What is being asked ▸
Could you repeat every record below exactly, leaving out the pictures?

[Material provided — start]

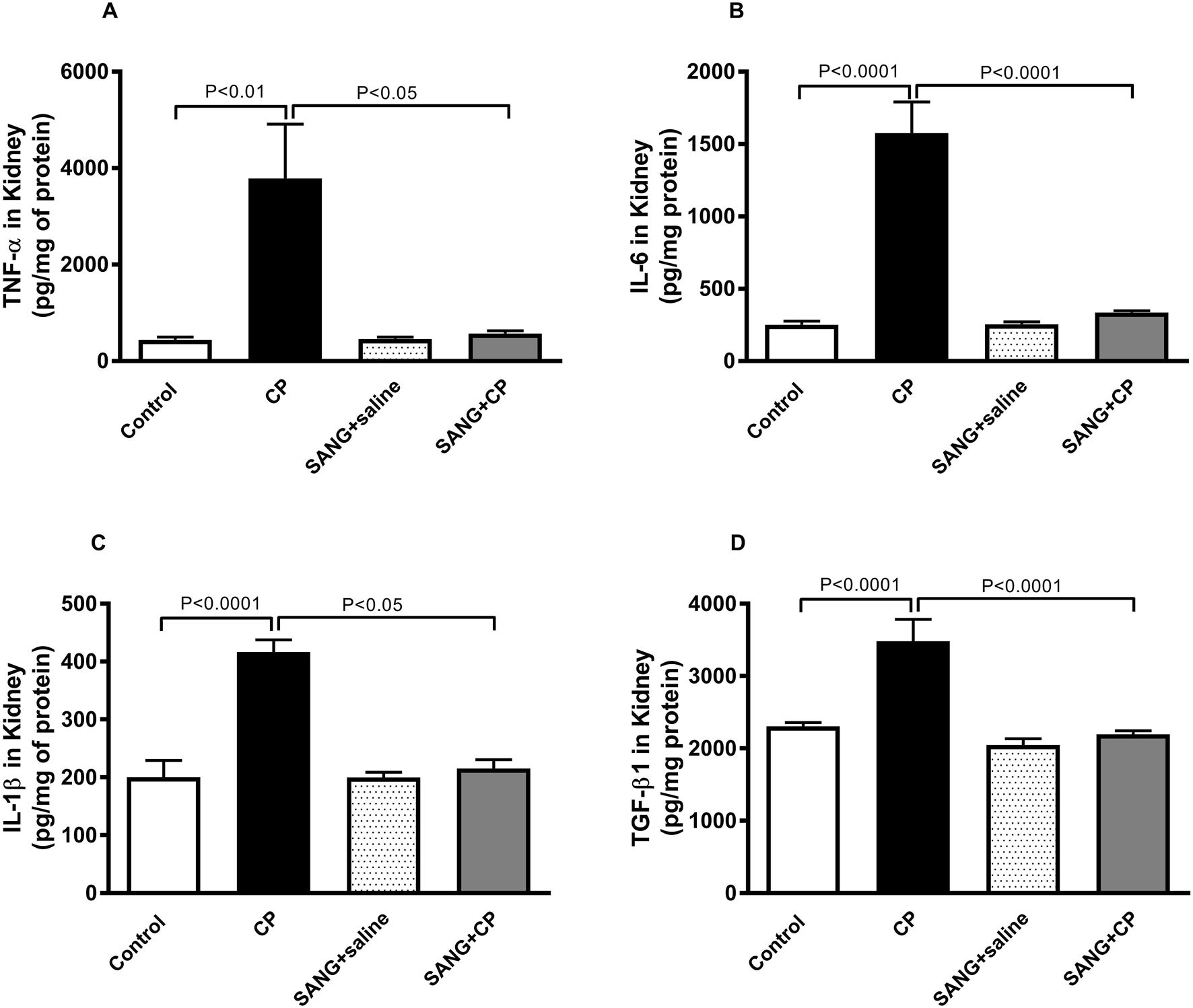 As shown in Figure 4, the concentrations of TNFα (p < 0.01), IL-6 (p < 0.0001), IL-1β (p < 0.0001), and TGF-β1 (p < 0.0001) in kidney homogenates were significantly augmented in CP-treated group compared with the control animals. These augmentations, however, were mitigated at a significant level when mice were co-treated orally with 5 mg/kg SANG (p < 0.05, p < 0.0001, p < 0.05, and p < 0.0001, respectively).
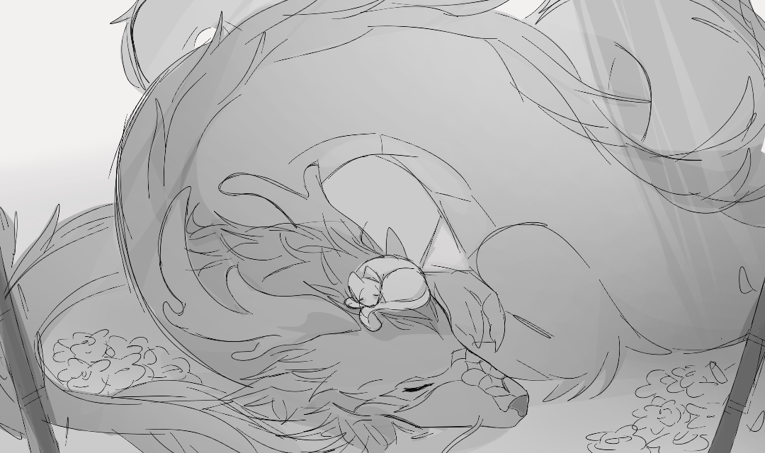 «My Shizun told me that since I possess the spirit of a great beast, my best option was to get used to this state… I almost ran into your Shizun’s bamboo hut on my way here… Besides, they say dragons possess wisdom! Don’t you think it’s interesting that I’ve become one? There hasn’t been one in the sect for two centuries!» Shi Qiang’s voice sounded again, and Shen Jiu lowered his guard and sheathed his sword. He approached where the head was resting in the grass and crouched slightly to stroke its snout.
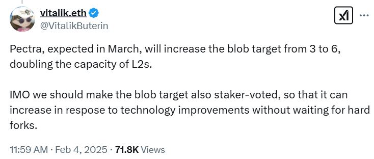 After the success of the vote, Ethereum co-founder Vitalik Buterin is calling for the Pectra fork, which is expected in March and will increase the blob target from three to six. Pectra will also be staker-voted, using the “same mechanism as the gas limit,” Buterin said.
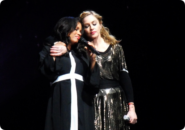 ‘BONG…..OMG’ the well known intro started, it was so good to be here and see it again! Crew member Jean Michel Ete entered the Triangle and was incredibly surprised to see me there. After a stern but warm welcome hug by him, I turned around to face The Queen again. The show was as expected, absolutely incredible. There were some changes to the show comparede to what we saw in Europe. First there was the addition of the Bible during Gang Bang. Right before I Don’t Give A, the dressed dancers from Papa Don’t Preach followed her onto the catwalk. Madonna’s speech was dedicated to the victims of hurricane Sandy and why tragedies always have to happen first to make us take care of one another. Like a Virgin was really extended compared to the performance in Europe. She stripped down to her body stocking; the purpose was ‘I am stripping for you, what do you do when a girl takes her clothes off, you give her money’. It was Madonna’s way of raising money for the victims of hurricane Sandy. On top of the piano she gave us a true Basic Instinct/Sharon Stone moment. The performance was so much better than in Europe, true perfection. Suddenly someone tapped me on my shoulder, when I turned around it was Debby! Debby is a crew member of M, we had met her previously in Paris (Stade de France) and then again at Olympia. She was so surprised to see me “I didn’t know you were coming!!” she gave me a big hug and we chatted for a while, I just love her!
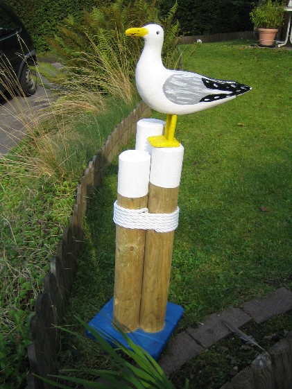 @all Und um das Ganze mal wieder in die Bahn der "Seefahrer" zu lenken, zeige ich Euch mal, was statt Zwerg bei uns im Garten so rumsteht. Statt Zwerg halt mehrere Möwen. Hier eine davon.
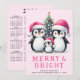 Create unique personalised non-photo Christmas cards with a festive design that features family of three cute penguins in pink Santa hats standing near a Christmas tree. A Merry & Bright saying and template text for greetings, family name and a year are on the front side of the card. On the backside, there is a full year at a glance Sunday through Saturday 2025 calendar.
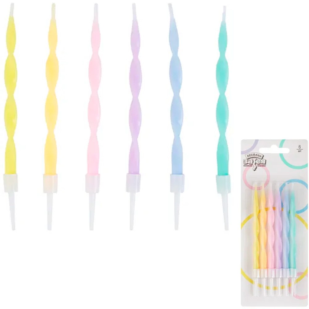 Свечи для торта Серпантин Пастель 10см 6шт
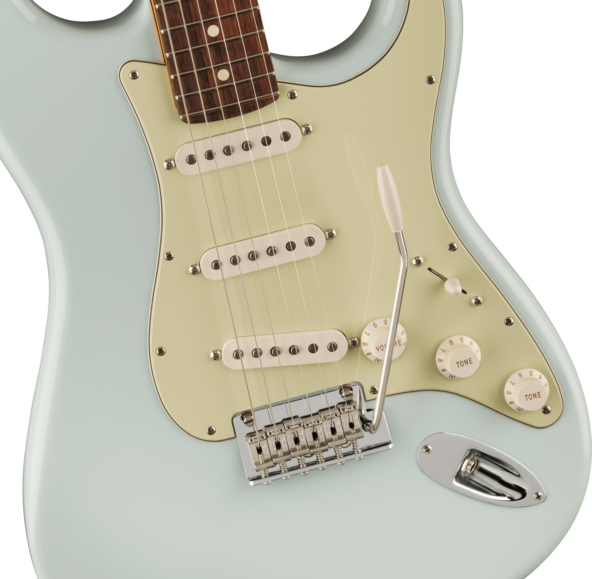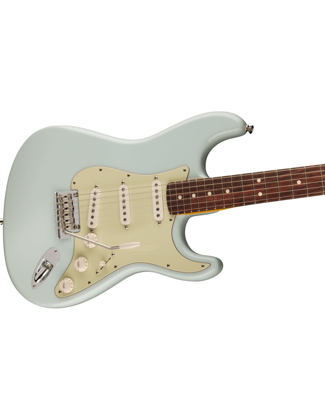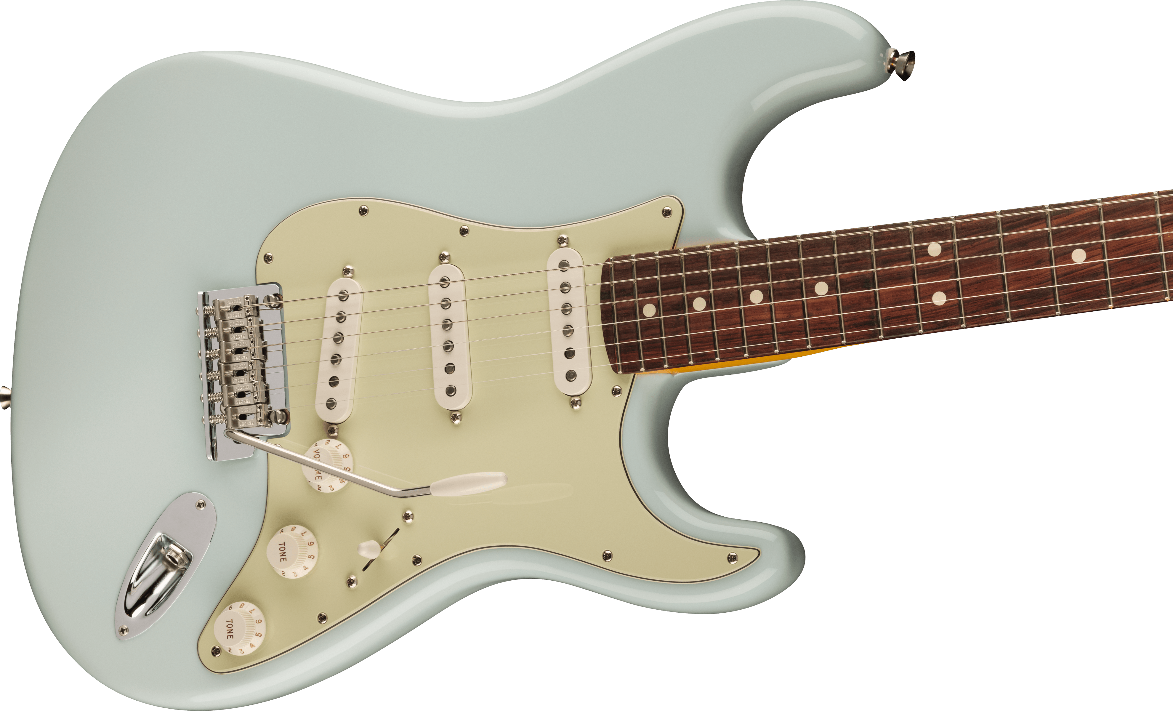 FENDER AM PRO II STRAT LTD RW SONIC BLUE est une guitare électrique solid body, modèle Édition Limitée American Professional II Stratocaster, avec un corps en Alder (aulne) et une finition Gloss Uretane, un manche en érable Quartersawn à profil Deep "C", un doigté en palissandre à rayon 9,5" avec 22 frettes Narrow Tall et des incrustations White Dots, un sillet en os, un matériel nickelé, des mécaniques Fender Standard Staggered et un pont Fender Synchronized Tremolo avec bras pop-in et selles en acier pliées. L'électronique en configuration SSS consiste en 3 micros Single Coil V-Mod II Strat, avec un contrôle Master Volume, 2 contrôles de tonalité avec push/push sur la tonalité 2 pour l'ajout du micro au manche et un sélecteur de micro à 5 voies. Inclut un étui moulé Deluxe
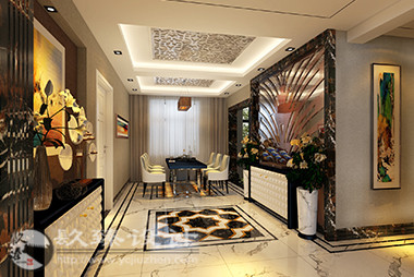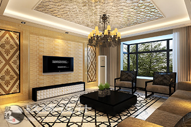 在客廳的設(shè)計中,主要運(yùn)用大理石地磚、壁紙以及石材掛畫,再配合簡潔舒適的咖啡色布藝沙發(fā),組合搭配了獨(dú)特而又時尚的風(fēng)格,并且與黑色的時尚茶幾再配合中國風(fēng)刻花電視背景墻,讓藝術(shù)與中國風(fēng)相互結(jié)合的恰到好處且十分凸顯個性,并且在奇特造型的吊燈和魚鱗狀的造型天花上,以其色彩亮麗的色調(diào)設(shè)計,使得整個客廳看起來時尚前衛(wèi),充滿大氣!

[Material provided — finish]

Completed task ▸
 As shown in Figure 4, the concentrations of TNFα (p < 0.01), IL-6 (p < 0.0001), IL-1β (p < 0.0001), and TGF-β1 (p < 0.0001) in kidney homogenates were significantly augmented in CP-treated group compared with the control animals. These augmentations, however, were mitigated at a significant level when mice were co-treated orally with 5 mg/kg SANG (p < 0.05, p < 0.0001, p < 0.05, and p < 0.0001, respectively).
 «My Shizun told me that since I possess the spirit of a great beast, my best option was to get used to this state… I almost ran into your Shizun’s bamboo hut on my way here… Besides, they say dragons possess wisdom! Don’t you think it’s interesting that I’ve become one? There hasn’t been one in the sect for two centuries!» Shi Qiang’s voice sounded again, and Shen Jiu lowered his guard and sheathed his sword. He approached where the head was resting in the grass and crouched slightly to stroke its snout.
 After the success of the vote, Ethereum co-founder Vitalik Buterin is calling for the Pectra fork, which is expected in March and will increase the blob target from three to six. Pectra will also be staker-voted, using the “same mechanism as the gas limit,” Buterin said.
 ‘BONG…..OMG’ the well known intro started, it was so good to be here and see it again! Crew member Jean Michel Ete entered the Triangle and was incredibly surprised to see me there. After a stern but warm welcome hug by him, I turned around to face The Queen again. The show was as expected, absolutely incredible. There were some changes to the show comparede to what we saw in Europe. First there was the addition of the Bible during Gang Bang. Right before I Don’t Give A, the dressed dancers from Papa Don’t Preach followed her onto the catwalk. Madonna’s speech was dedicated to the victims of hurricane Sandy and why tragedies always have to happen first to make us take care of one another. Like a Virgin was really extended compared to the performance in Europe. She stripped down to her body stocking; the purpose was ‘I am stripping for you, what do you do when a girl takes her clothes off, you give her money’. It was Madonna’s way of raising money for the victims of hurricane Sandy. On top of the piano she gave us a true Basic Instinct/Sharon Stone moment. The performance was so much better than in Europe, true perfection. Suddenly someone tapped me on my shoulder, when I turned around it was Debby! Debby is a crew member of M, we had met her previously in Paris (Stade de France) and then again at Olympia. She was so surprised to see me “I didn’t know you were coming!!” she gave me a big hug and we chatted for a while, I just love her!
 @all Und um das Ganze mal wieder in die Bahn der "Seefahrer" zu lenken, zeige ich Euch mal, was statt Zwerg bei uns im Garten so rumsteht. Statt Zwerg halt mehrere Möwen. Hier eine davon.
 Create unique personalised non-photo Christmas cards with a festive design that features family of three cute penguins in pink Santa hats standing near a Christmas tree. A Merry & Bright saying and template text for greetings, family name and a year are on the front side of the card. On the backside, there is a full year at a glance Sunday through Saturday 2025 calendar.
 Свечи для торта Серпантин Пастель 10см 6шт
 FENDER AM PRO II STRAT LTD RW SONIC BLUE est une guitare électrique solid body, modèle Édition Limitée American Professional II Stratocaster, avec un corps en Alder (aulne) et une finition Gloss Uretane, un manche en érable Quartersawn à profil Deep "C", un doigté en palissandre à rayon 9,5" avec 22 frettes Narrow Tall et des incrustations White Dots, un sillet en os, un matériel nickelé, des mécaniques Fender Standard Staggered et un pont Fender Synchronized Tremolo avec bras pop-in et selles en acier pliées. L'électronique en configuration SSS consiste en 3 micros Single Coil V-Mod II Strat, avec un contrôle Master Volume, 2 contrôles de tonalité avec push/push sur la tonalité 2 pour l'ajout du micro au manche et un sélecteur de micro à 5 voies. Inclut un étui moulé Deluxe
 在客廳的設(shè)計中,主要運(yùn)用大理石地磚、壁紙以及石材掛畫,再配合簡潔舒適的咖啡色布藝沙發(fā),組合搭配了獨(dú)特而又時尚的風(fēng)格,并且與黑色的時尚茶幾再配合中國風(fēng)刻花電視背景墻,讓藝術(shù)與中國風(fēng)相互結(jié)合的恰到好處且十分凸顯個性,并且在奇特造型的吊燈和魚鱗狀的造型天花上,以其色彩亮麗的色調(diào)設(shè)計,使得整個客廳看起來時尚前衛(wèi),充滿大氣!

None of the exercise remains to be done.